I was wondering if anyone found an efficient query to look for data exfiltration/large file uploads?

 

I'm looking more from a threat hunting perspective, where I would want to trace one or multiple file being uploaded to a remote destination.

 

Right now the only way I've found is to correlate file read actions in the same timeframe of a network session to a remote site. But this isn't 100% reliable way and that wouldn't hold in court as evidence since at the end of the day it is just a file read.

 

Anyone has any suggestions?

 

Thank you

 

Luc D.

1 accepted solution

Accepted Solutions

@Luc_Desaulniers I think reconstructing the traffic, as you pointed out, would be the most efficient way to solve this. The prerequisites you have outlined already. For the sake of completeness, would a taint tracking approach only using the endpoints be also possible?

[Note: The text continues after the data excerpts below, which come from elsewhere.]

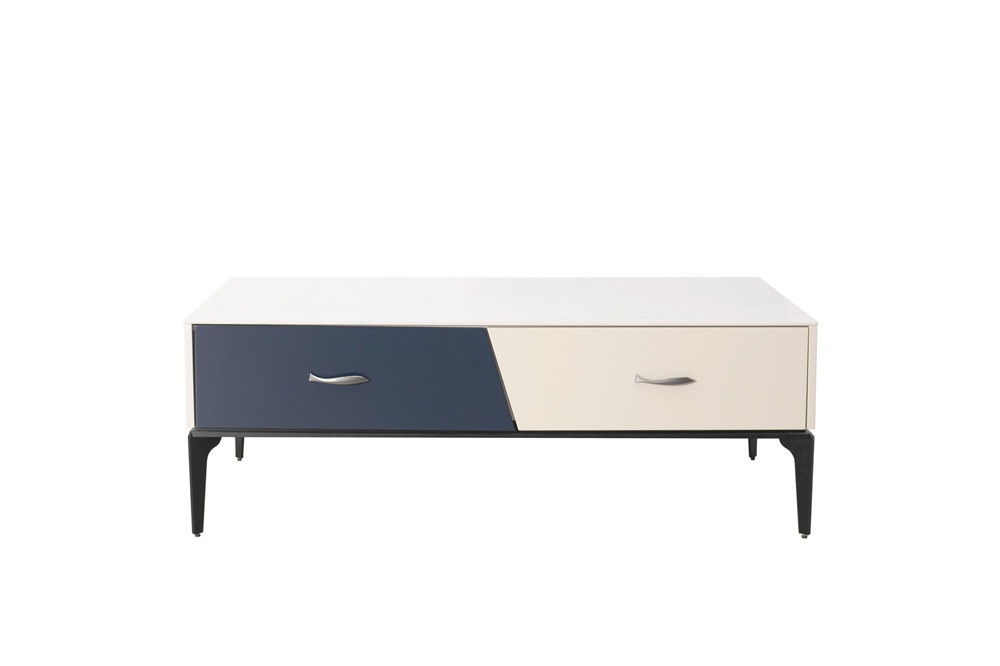 卡塔金巖板+米灰啞光主體+靛藍啞光抽面+灰色拉手+黑啞光金工腳
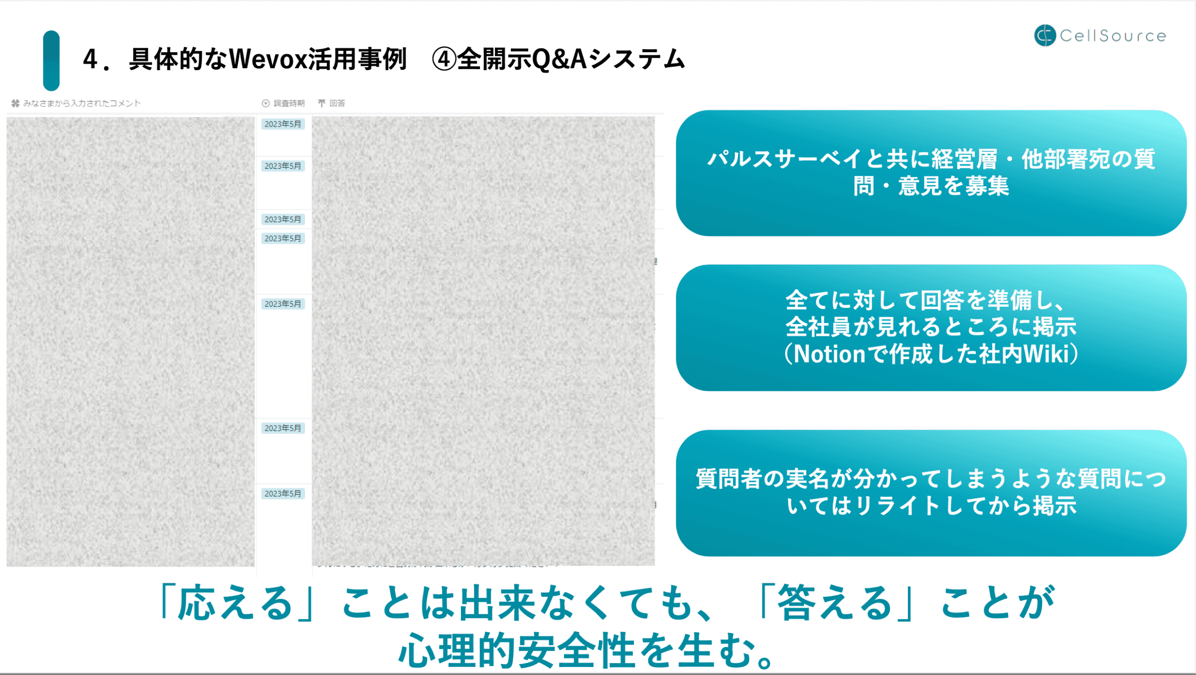 4つ目のWevox活用事例が全開示Q&Aシステムです。Q&Aを全開示しているとお話ししましたが、このようにNotion上にパルスサーベイの皆さんからのコメントを載せています。画面は隠していますが、私とHR戦略部長が30〜40ぐらい寄せられる質問全てに回答します。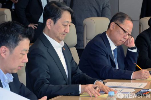[서울=뉴스핌] 양윤모 기자 = 안덕근 산업통상자원부 장관이 13일 오전 서울 포스코센터에서 개최된 '美 관세 대응 철강업계 간담회'에 참석 모두발언을 마치고 자료를 살펴보고 있다. 이 자리에는 이희근 포스코 사장,서강현 현대제철 사장,박성희 KG스틸 사장, 김대엽 TCC스틸 부사장,변영길 세아제강 본부장,최철균 넥스틸 본부장,김도연 동국씨엠 전무,이경호 철강협회 부회장등이 참석 했다. 2025.03.13 yym58@newspim.com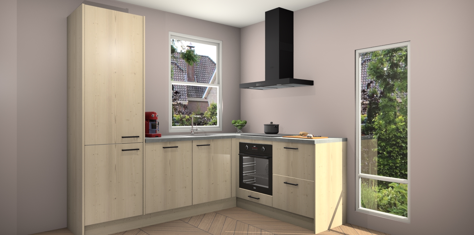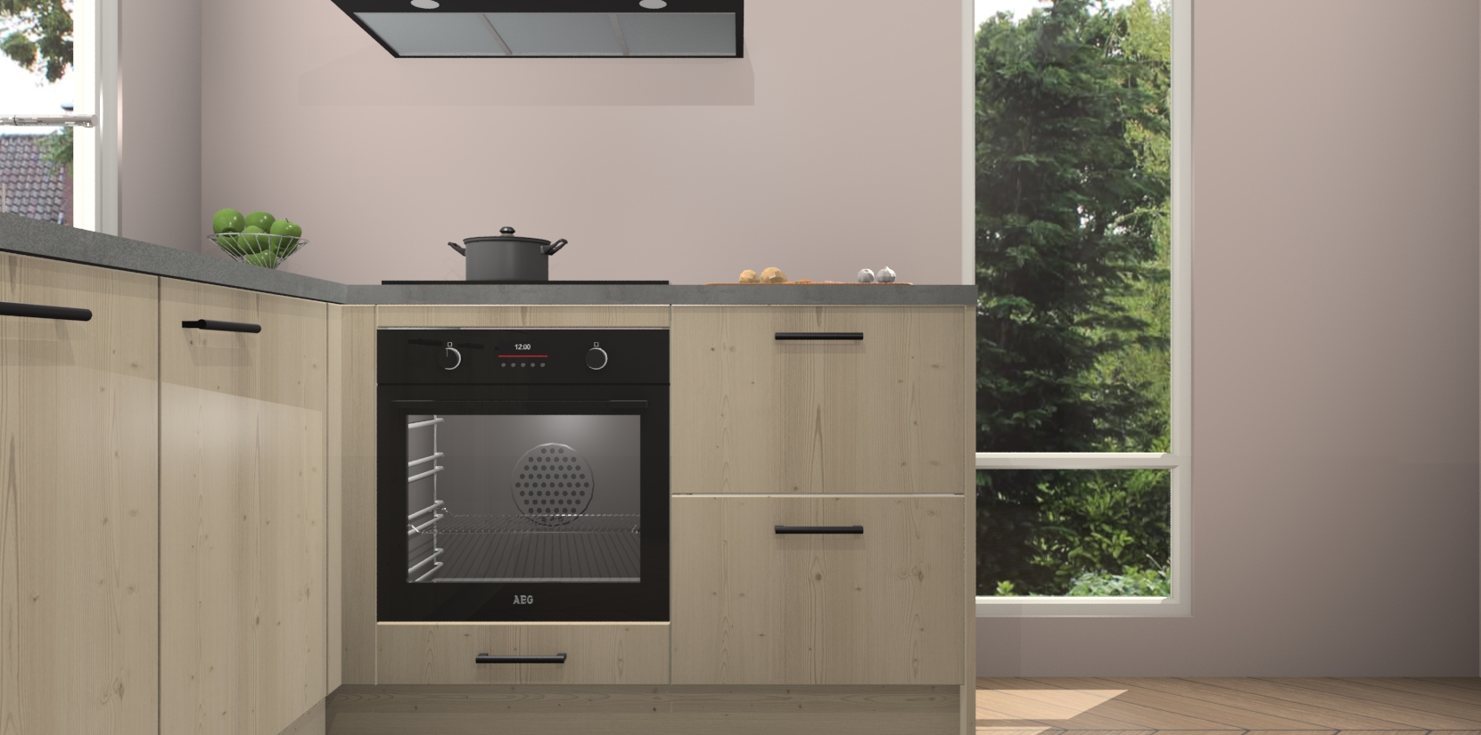 De Vuren keuken Phuket heeft alles wat u maar kunt wensen. Niet alleen zijn er softclose deuren, maar ook 5 ingebouwde apparaten: een oven, inductiekookplaat, afzuigkap, vaatwasser en koelkast - waarbij u later gemakkelijk naar het AEG merk, van inductiekookplaat naar kookplaat met geïntegreerde afzuiging of van oven naar combimagnetron kunt upgraden. Dat alles tegen een vast laag tarief! Bovendien geeft de Vuren keuken Phuket supersnelle levering van 7 weken. Echt iets voor u als u er niet op wilt wachten om het resultaat te zien in eigen keuken!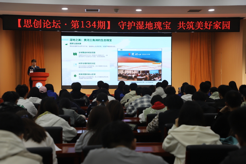 思创论坛现场座无虚席,赵亚杰以“守护湿地瑰宝,共筑美好家园”为主题,分享了自己扎根黄河三角洲湿地十二年的守护历程。她借助实景图片,带领学子了解黄河三角洲地质演化与湿地生态风貌,生动讲述东方白鹳、黑嘴鸥等376种鸟类栖息繁衍的动人场景,展现了湿地守护者日复一日的坚守。她结合工作实际,剖析了水资源短缺、互花米草入侵等湿地保护难题,也分享了保护区通过引蓄黄河水、开展生态修复,助力黄河口入选世界自然遗产的实践成果。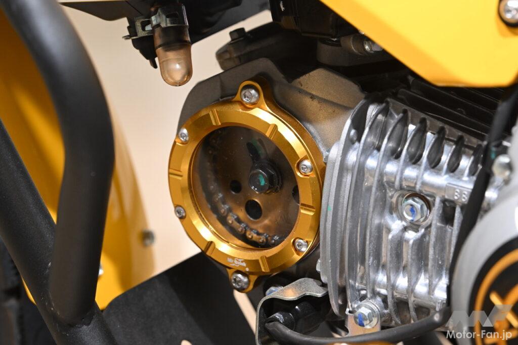 汎用となるシリンダーヘッドサイドカバー(4180円)は強化プラスチックと削り出しのアルミで構成されており、アルミ部分は写真のゴールドのほか、ブラック、レッド、シルバーも選択可能。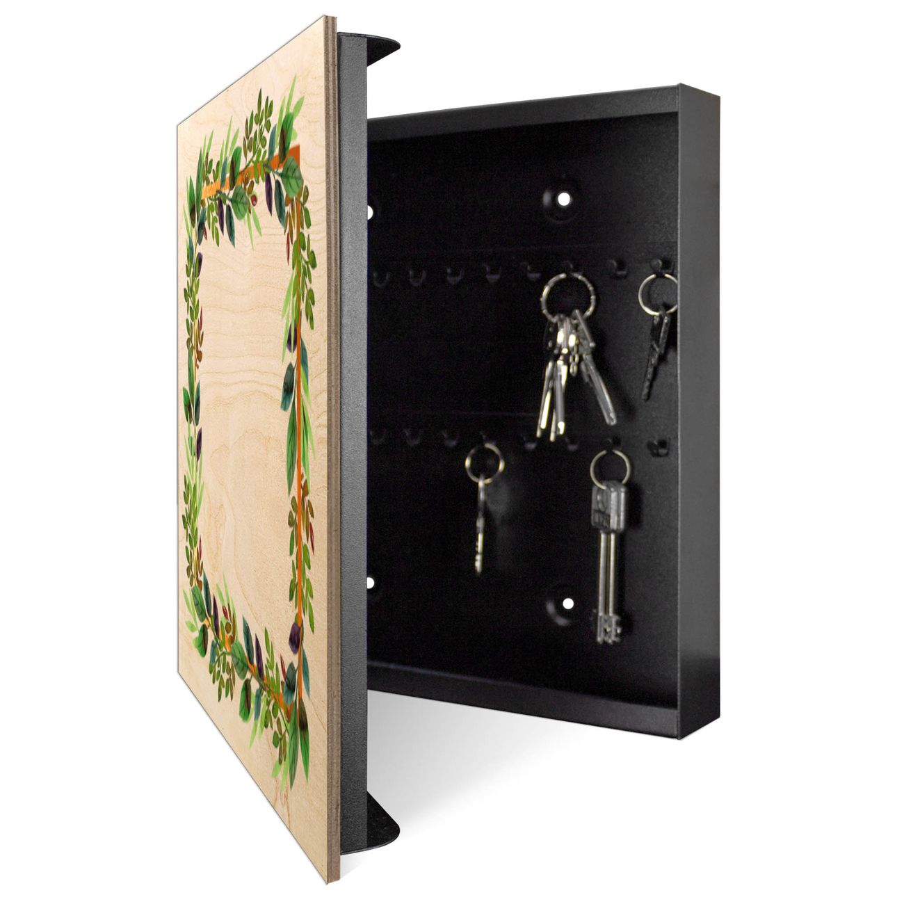 Schlüsselkasten mit Holzfront - Design Schlüsselbox Motiv Blätterrahmen 2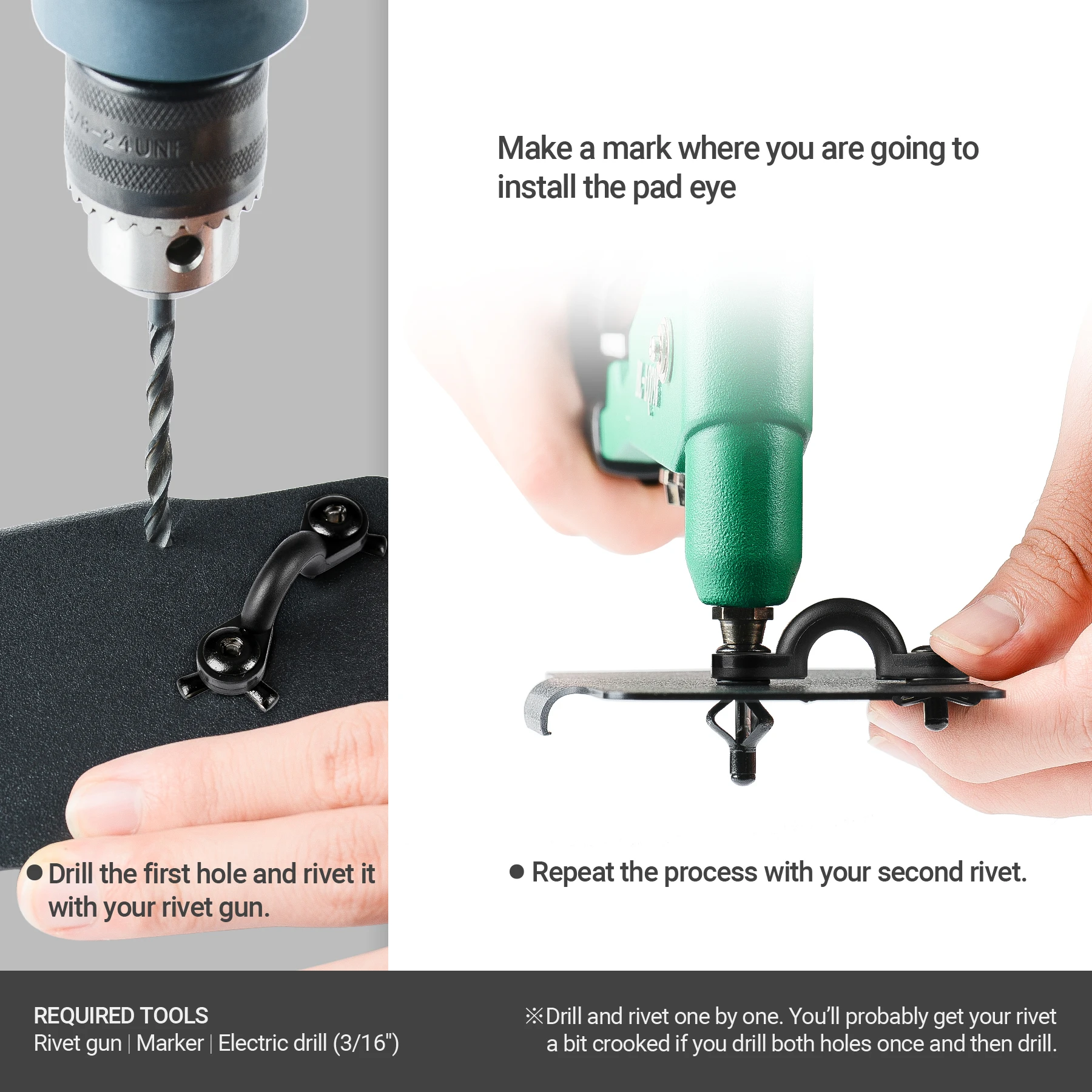 Los ojos de almohadilla negra están hechos de plástico molido inyectado, lo que proporciona puntos de fijación altos de 1/2" y 3/8" para asientos, correas, etc.
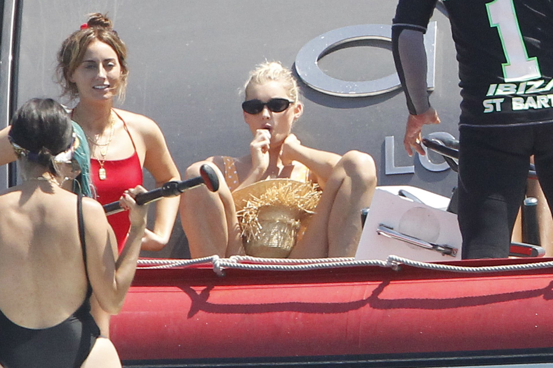 Ангел Victoria’s Secret Эльза Хоск (29) наслаждается днем на лодке в Форментере, 26.06.2018. Модель можно увидеть на задней палубе лодки, наслаждаясь солнцем и держа в руках и надевая соломенную шляпу.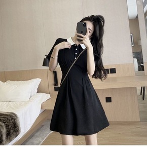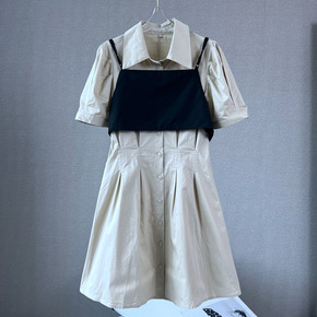 2022春夏季时尚POLO领单排扣连衣裙+绑带裹胸...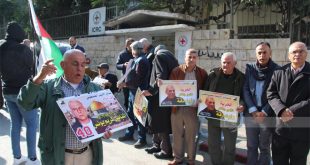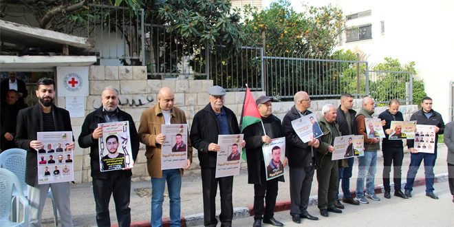 وذكرت وكالة وفا أن المشاركين في الوقفة أمام مكتب الصليب الأحمر في المدينة، والتي نظمتها القوى الوطنية الفلسطينية بالتعاون مع عدد من ذوي الأسرى، رفعوا العلم الفلسطيني، ولافتات وصوراً دعماً للأسرى في معتقلات الاحتلال وضرورة مساندتهم.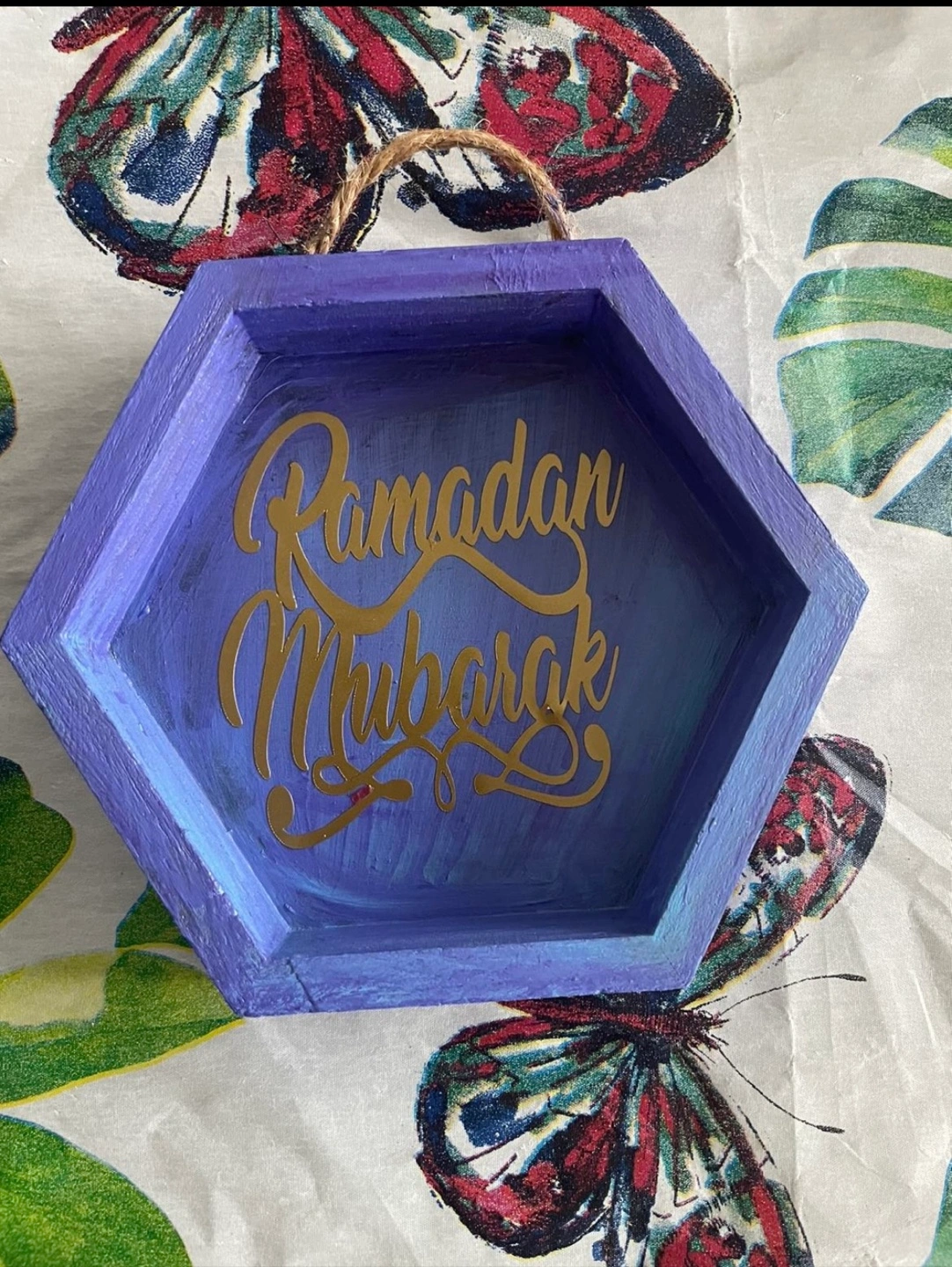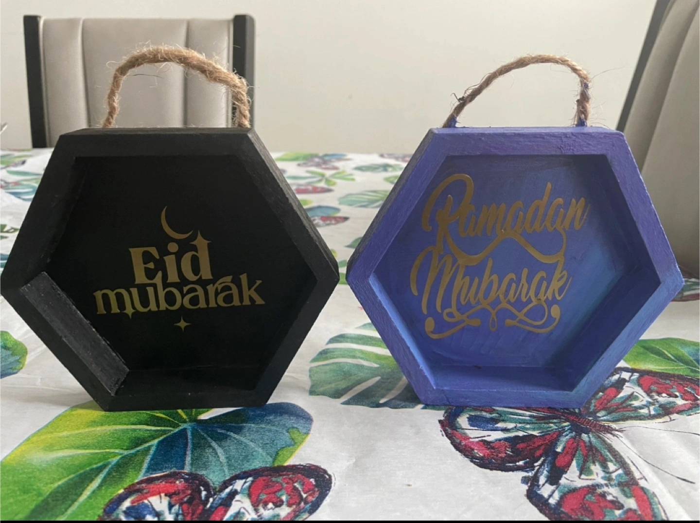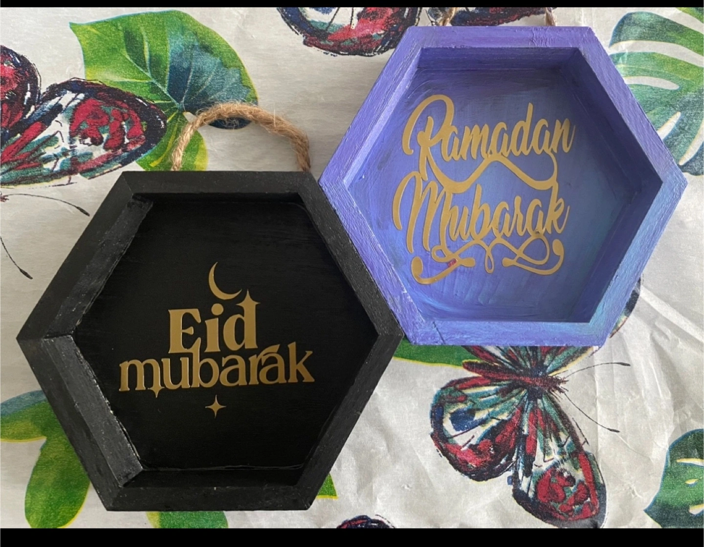 Two hexagon-shaped wooden signs. One purple, one black. Gold lettering. Ramadan Mubarak and Eid Mubarak.

- taint the files that were classified as confidential

- propagate the taint for interactions with the files, taint the memory locations of the applications that read / opened the files

- if during a network transfer these tainted memory locations are used in a interaction with a socket assume a leak

These points are highly complex of course and will probably require analysis of the applications in question. Some apps might do additional optimizations in how and where they map structs. Comparing the resources needed for the network-based approach and this taint tracking approach the network-based approach would win hands down. If there is no control over the network or the necessary controls are not available in the network then taint tracking would be the last resort that I would still see to create some form of forensic evidence.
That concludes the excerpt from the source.